Em acidentes envolvendo veículos eletrificados, há três situações que geralmente preocupam ou mesmo chamam a atenção quanto às táticas e procedimentos de socorro, são elas: incêndios, submersão e vazamento de fluidos. Vejamos cada uma destas situações então.

As baterias de tração veicular são constituídas de elementos químicos altamente inflamáveis e, em caso de exposição a fontes de calor extremo ou mesmo contato direto com água e ar, podem incendiar facilmente. Apesar dessa característica, a localização e encapsulamento dos sistemas de armazenamento de energia, bem como os sistemas de controle eletrônico, garantem que somente em situações extremas as células sejam expostas a essas condições de risco. Se isso ocorrer, a tática de extinção de incêndio deve ser defensiva, permitindo que as células queimem até o fim, utilizando-se quantidades abundantes de água para controlar o fogo (aproximadamente dez vezes mais do que para um veículo convencional), a uma distância segura e evitando que o mesmo se alastre para outras partes do veículo ou mesmo para o ambiente ao redor.
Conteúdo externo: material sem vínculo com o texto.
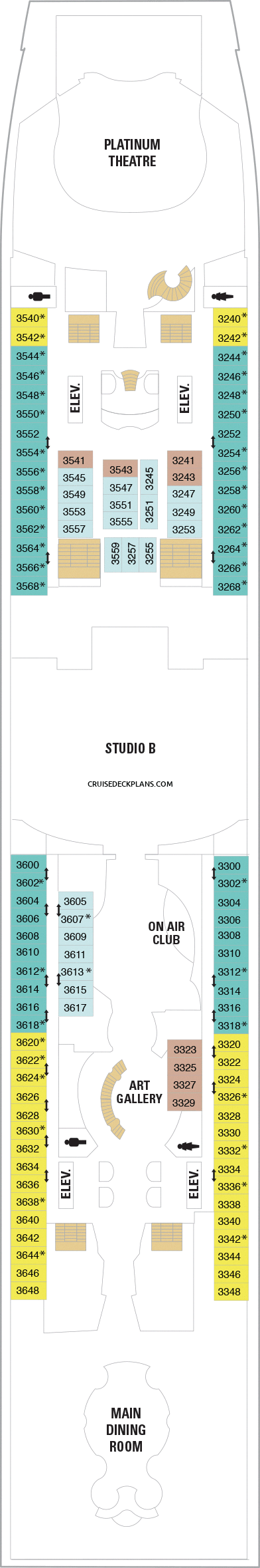 Click deck pictures to go to individual cruise deck plan pages where you can see all the public areas, venues and stateroom cabins categories for each deck.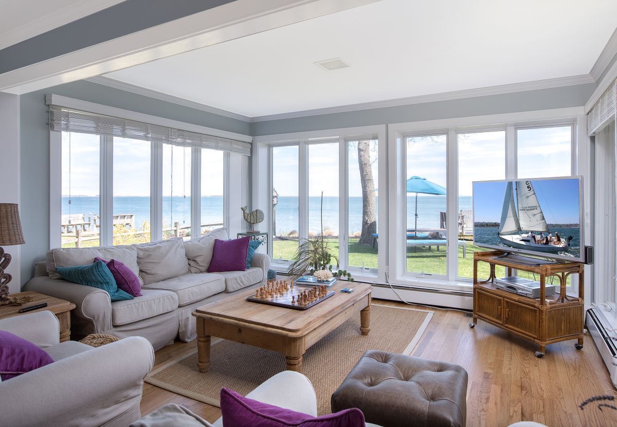 Relax and enjoy this beautifully appointed bay front house w/ private beach and stunning views of Orient Harbor, Bug Light and Shelter Island. Moor your boat in the bay; kayak, swim, fish or chill on the decks and porches. Basement game room with Ping-Pong, TV and games. Conveniently located near Greenport shopping, restaurants, ferries, farm stands, vineyards.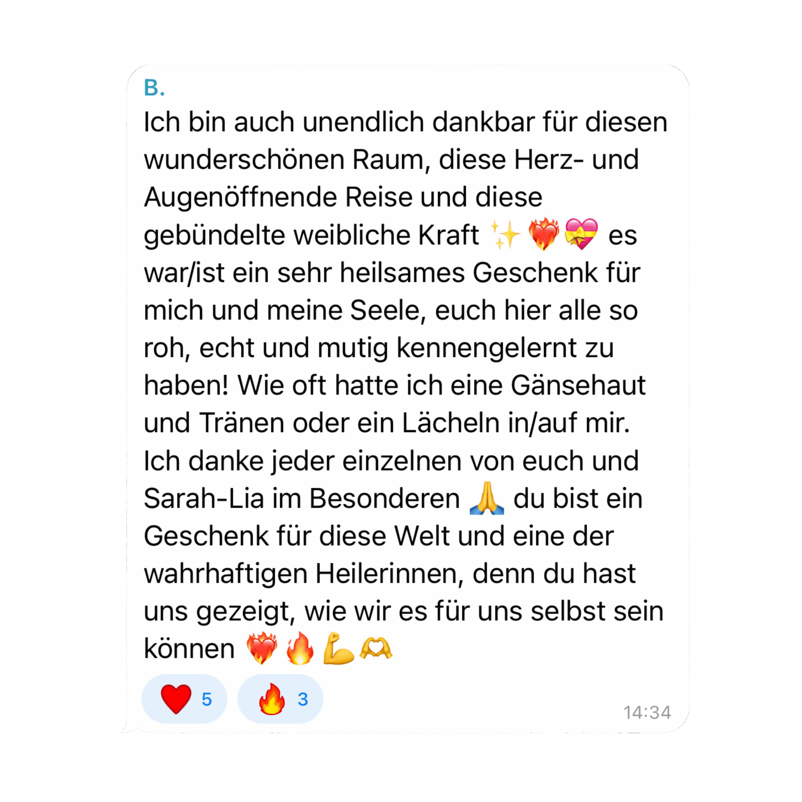 Während der gesamten Reise bist du Teil einer geschlossenen Telegram-Gruppe. Hier fließen regelmäßige Impulse, Übungen, Audios und Austausch. Die Gruppe ist ein lebendiges Feld aus Tiefe, Verbindung und gelebter Frequenz. Du bewegst dich in deinem eigenen Rhythmus, getragen im Kreis von Seelen, die sich erinnern.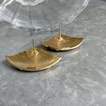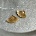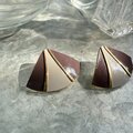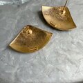 ゴールドトーンをベースに、パープルとグレージュのエナメルペイントされた、扇型ピアス。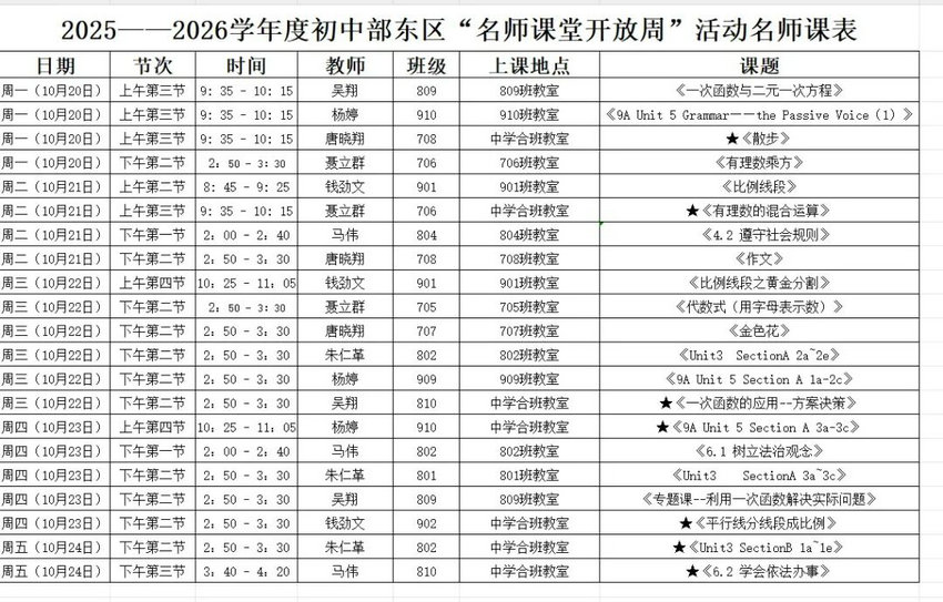 暖阳秋日,桂香阵阵,为探索高效课堂,促进教师专业成长,安庆市外国语学校初中部东区“名师课堂开放周”活动于2025年10月20日-24日开启,七位名师轮番上阵,为我们呈现兼具“质感”与“内涵”的魅力课堂。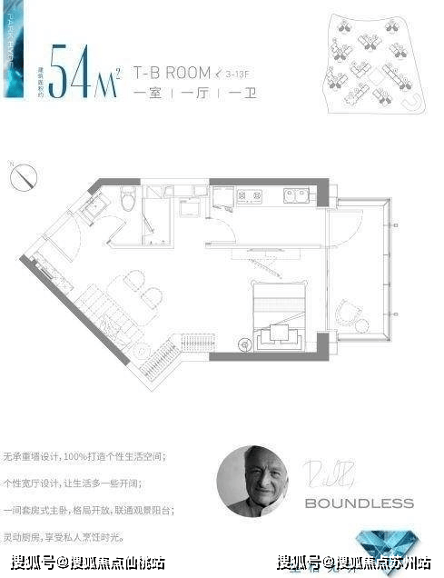 建筑面积约54㎡1房,之前几乎没有同类产品,非常适合预算有限,在市区工作的首套刚需客,约280w+就能上车。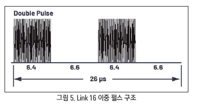 “협대역 간섭이 존재하는 가운데 저속 평탄형 나카가미 페이딩 채널을 통해서 전송된 JTIDS/Link 16 유형 파형의 성능 분석” 논문3에서 기술하고 있듯이, Link 16 메시지 데이터는 패킹 구조에 따라서 단일 펄스나 이중 펄스로 전송할 수 있다. 단일 펄스 구조는 6.4μs 온(on) 시간과 6.6μs 오프(off) 시간으로 이루어지므로 총 지속시간은 13μs이다. 이중 펄스 구조는 2개의 단일 펄스로 이루어지며 동일한 데이터를 서로 다른 캐리어 주파수를 사용해서 전송한다(그림 5). 그러므로 전이 시간이 6.6μs 길이일 수 있는데(>2μs), 이는 ADRV9002를 사용해서 Link 16 FH를 지원할 수 있다.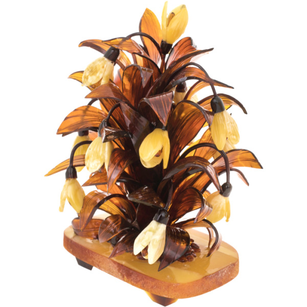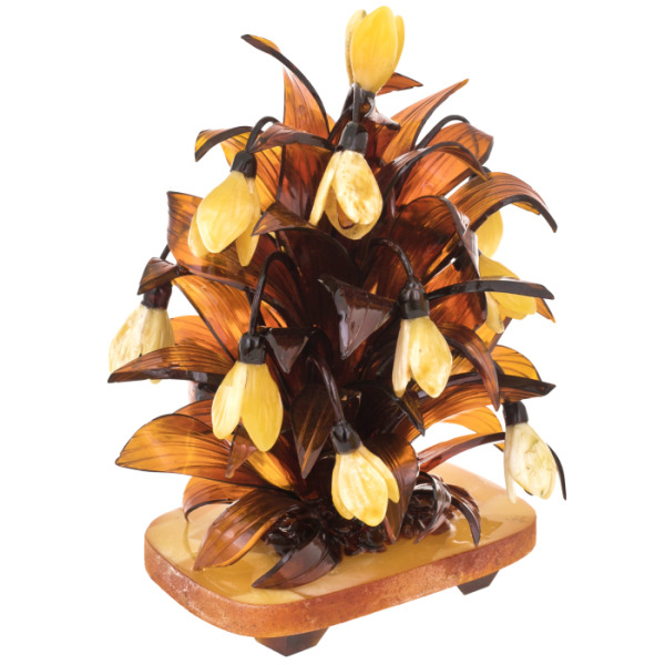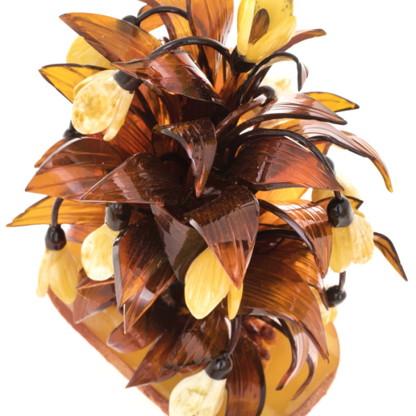 Букет из янтаря "Лилии"Букет из янтаря "Лилии"Янтарь – волшебный камень, сочетающий в себе целебные и магические свойства, роскошь и тепло. Большинство знаменитых личностей окружали себя янтарем: янтарная комната Петра 1 и корона египетского фараона Тутанхамона - это лишь начало списка. Посуда из янтаря является неизменным атрибутом сервировки стола на аристократических обедах и приемах. Изящные изделия вписываются в любой интерьер. Сочетание янтаря с серебром или бронзой выгодно подчеркивает красоту камня и благородный блеск драгоценных металлов.

Em caso de submersão parcial ou total do veículo, os sistemas elétricos do mesmo são projetados para não oferecem risco de choque elétrico seja pelo contato com o carro ou mesmo energização da água ao redor. Os procedimentos de resgate de vítima e remoção do veículo da água permanecem os mesmo para qualquer carro. Quanto à bateria de tração, em alguns casos a submersão pode causar borbulhamento e produção de gases como hidrogênio, oxigênio e cloro. Por conta disso, o habitáculo do carro precisa ser ventilado a fim de reduzir a produção destes gases e a sua concentração. Uma vez fora da água, não se deve, em hipótese alguma, tentar dar a partida. Assim como num veículo convencional é necessária uma inspeção de todos os sistemas antes a fim de evitar risco de acidentes posteriores.
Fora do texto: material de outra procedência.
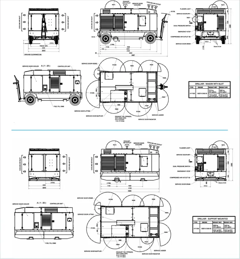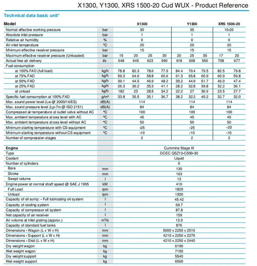 Atlas Copco X1300, Y1300 eta XRS 1500-20 isilduak dira, bi etapako, olioz injektatutako torloju-konpresoreak, likido hoztutako sei zilindroko Cummins diesel motorrak elikatzen direnak.
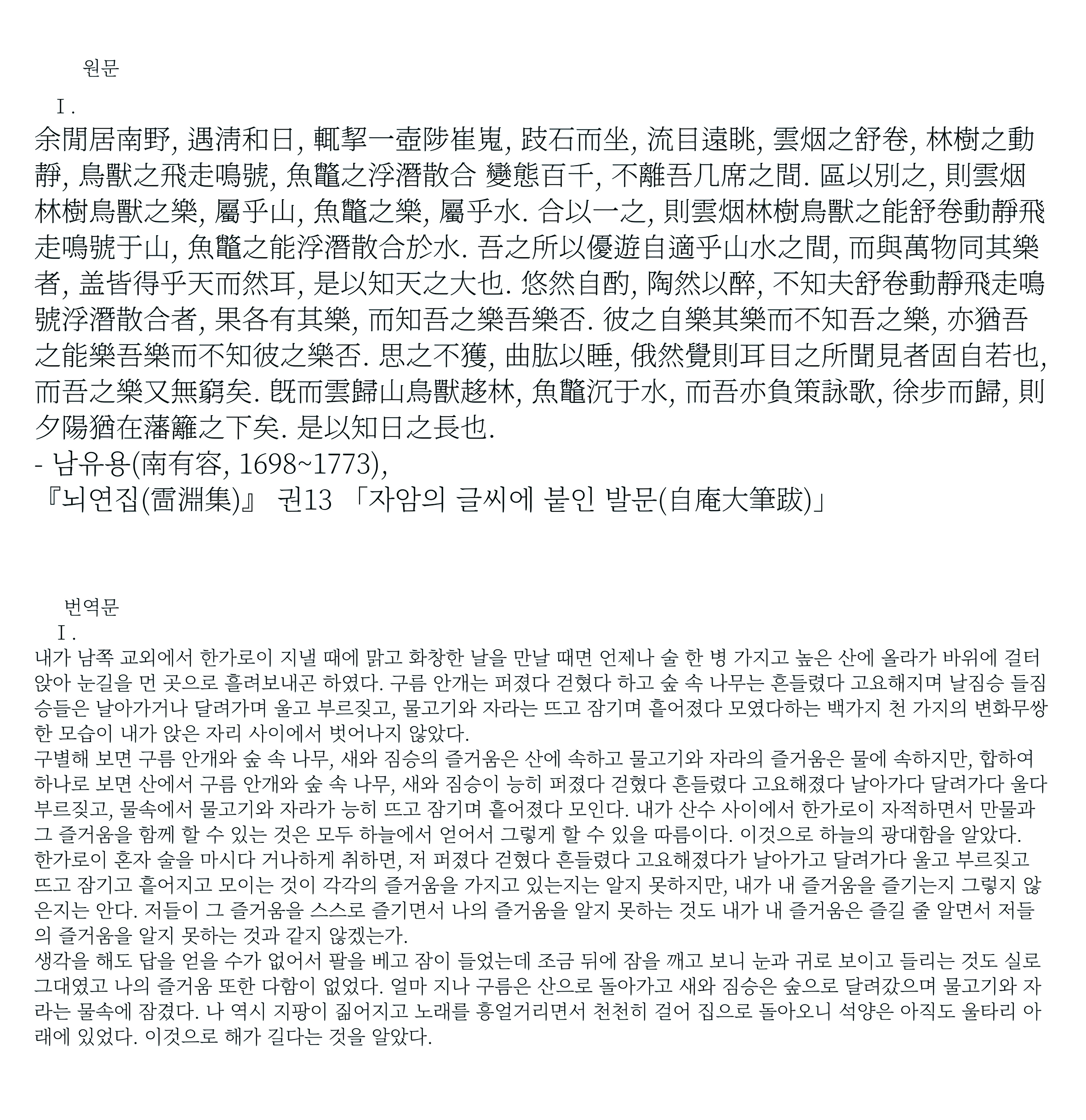 ³²À¯¿ëÀÇ ¡¸ÀÚ¾ÏÀÇ ´ëÇÊ¿¡ ºÙÀÎ ¹ß¹®(í»äÝÓÞù¶Û¢)¡¹µµ ÀÏÁ¾ÀÇ ½£¸Û¿¡ ´ëÇÑ °æÇèÀ» ¾´ ±ÛÀÌ´Ù. ÀÚ¾ÏÀÇ ´ëÇÊÀº 16¼¼±â ¸íÇÊ ±è±¸(ÑÑϽ)ÀÇ ¡°°í¿äÇÔ ¼Ó¿¡ ÇÏ´ÃÀº ±¤´ëÇϰí, ÇѰ¡ÇÑ °¡¿îµ¥ ÇØ´Â ±æ´Ù[ð¡×êô¸ÓÞ ùÙñéìííþ]¡±¶ó´Â ±Û¾¾ÀÌ´Ù.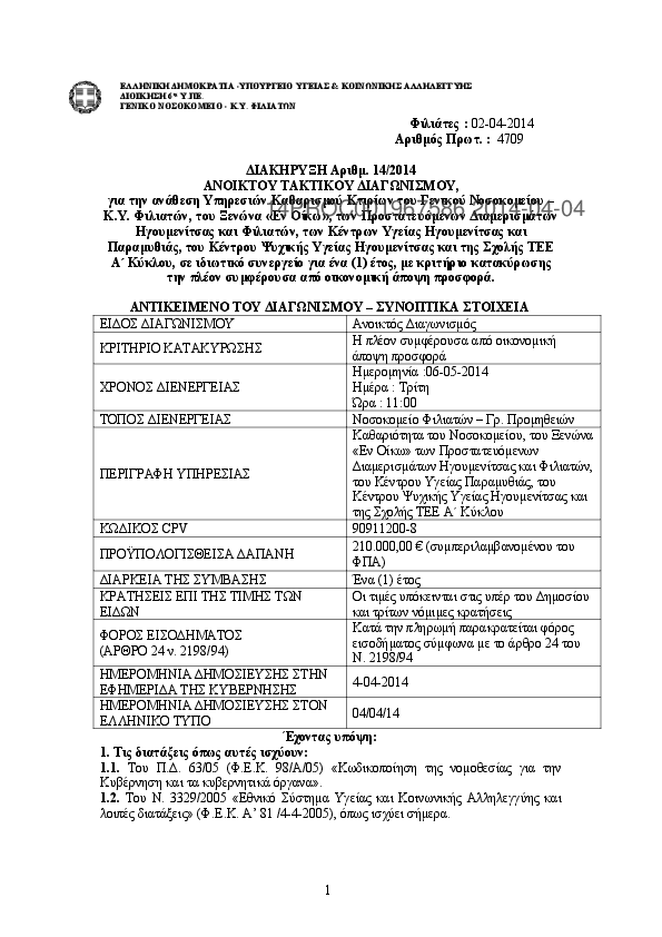 4. ΔΙΑΚΗΡΥΞΗ ΤΑΚΤΙΚΟΥ ΔΙΑΓΩΝΙΣΜΟΥ ΚΑΘΑΡΙΣΜΟΥ ΚΤΙΡΙΩΝ ΤΟΥ Γ.Ν.-Κ.Υ.ΦΙΛΙΑΤΩΝ

O derramamento de fluidos é o menor dos riscos apresentado por veículos híbridos e elétricos. No caso dos híbridos, estão presentes os mesmos fluidos encontrados em carros convencionais, inclusive combustível, para os quais os procedimentos padrão de contenção são válidos. No caso dos puramente elétricos, já não estão presentes o combustível e o óleo de motor, por exemplo. As baterias de tração apresentam baixo risco de vazamento e, em caso de ocorrência, procedimentos de contenção de substâncias corrosivas devem ser adotados.
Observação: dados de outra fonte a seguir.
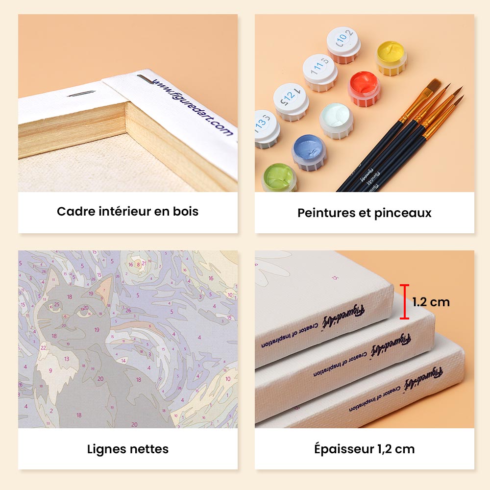 Libérez votre créativité avec la Mini Peinture par Numéros Figured'Art, comprenant petites toiles en lin numérotées. Cette expérience relaxante de peinture par numéro est accessible à tous, parfaite pour exprimer votre côté artistique, décorer votre intérieur ou offrir un moment créatif à une personne chère.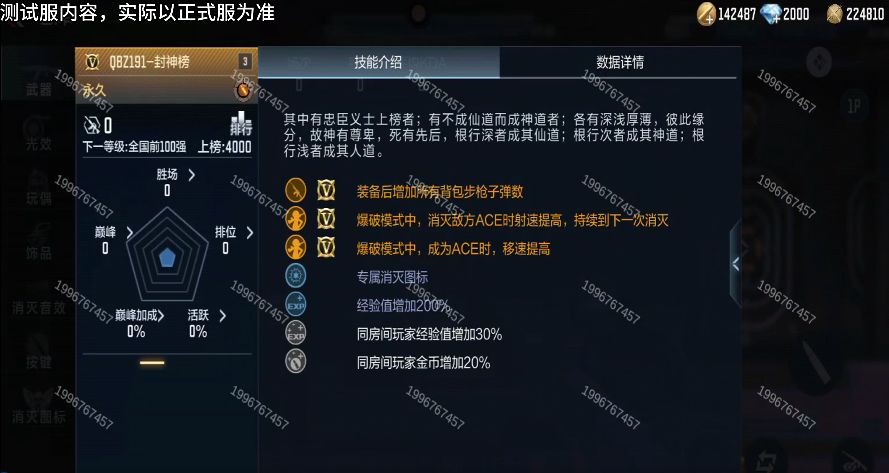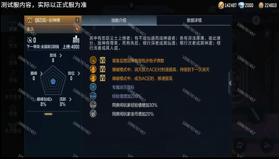 这把QBZ191-封神榜不管是外观还是属性,都让人眼前一亮,若是强者那么这把武器会让你更上一层楼,若是弱者拿上这把武器,经过千锤百炼依然可以打败敌人成为强者,只要不放弃就终会成功。以上内容均来自体验服,并不代表最终品质,最终效果请以正式服为准!最终上线时间敬请关注版本更新公告。

Acidentes são fatalidades que não deveriam acontecer, mas caso ocorram, para cada situação há uma abordagem e, assim como nas práticas atuais de socorro, se todas as condições de segurança forem satisfeitas e os profissionais envolvidos estiverem devidamente capacitados, as chances de sucesso no resgate de vítimas e preservação da vida são muito grandes, independente do tipo de propulsão que o veículo possui.